What isn’t on that list is manufacturer’s recommendations and there’s a reason why. The things listed above set the RAGAGEP and the manufacturer’s recommendations can modify it.**

There are generally two ways to modify something: make it more or less restrictive.

More: In the event that the manufacturer gives you a recommendation that is more restrictive (conservative) than the RAGAGEP, you must*** accept that more restrictive recommendation.

Less: If the manufacturer gives you a recommendation that is less restrictive than the RAGAGEP, you can accept that less restrictive recommendation, but you will need to document why you believe that the manufacturer’s recommendation is superior to the existing RAGAGEP.

In a recent article on RCE-Chill, we discussed the replacement schedule for a relief valve that relieves back into the system. The codes reference the consensus standards, which in turn reference some non-consensus bulletins. The bulletin in question, IIAR B110 says that these valves are not subject to the 5yr changeout frequency that other relief valves are. Yet, we have an email from Cyrus Shank’s engineering department that still recommends the 5yr changeout schedule.

In this case, we have a disagreement between the non-consensus bulletin and the manufacturer’s recommendation. Put another way, we have a generic recommendation on relief valve changeout versus a manufacturer specific recommendation. Obviously, the manufacturer’s specific recommendation on their valves overrides the generic recommendation about all relief valves. Therefore, as long as we are going to use these specific valves, we need to follow the manufacturer’s recommendation. ***

*It’s important to understand that we’re talking about what RAGAGEP decision is the most defensible during an inspection / audit.

** In 1910.119(j)(4)(iii) manufacturer’s recommendations are explicitly called out in conjunction with good engineering practices to set inspection/testing frequency, but the point still holds true.

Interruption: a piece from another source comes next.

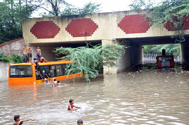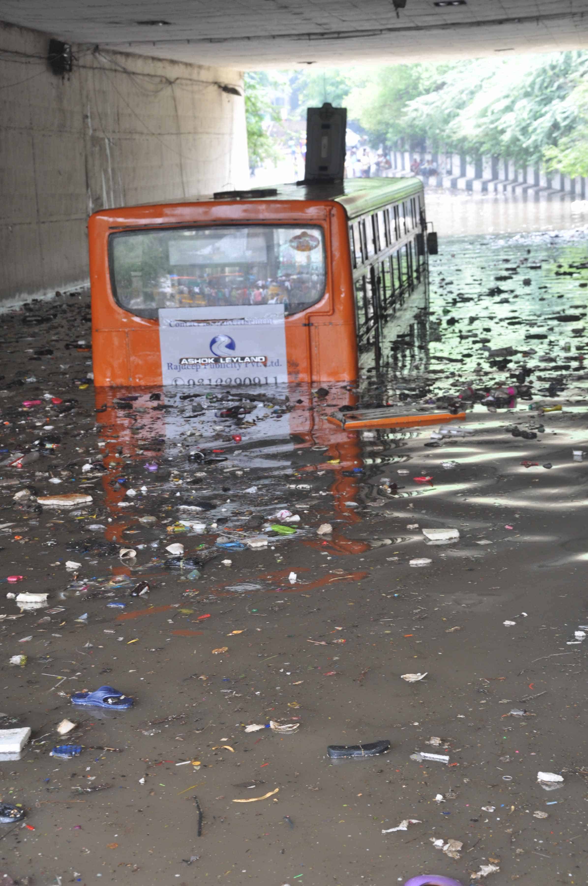 NEW DELHI, AUG 31 (UNI):- Bus stuck at a water logged road at Zakhira rail underpass in New Delhi on Wednesday. UNI PHOTO-76U

*** It’s theoretically possible that you can make the engineering case that you know more about the manufacturer’s equipment as it operates in your process than they do, so you can override their recommendation. One method that’s routinely used is to choose an alternative way to achieve the same goals – one where you can show the engineering rationale to prove your alternative is as safe or safer. A common example of that would be replacing the oil based on regular oil analysis rather than changing it out at a specific hour interval. Of course, such a change would have to be thoroughly documented through your Management of Change procedure.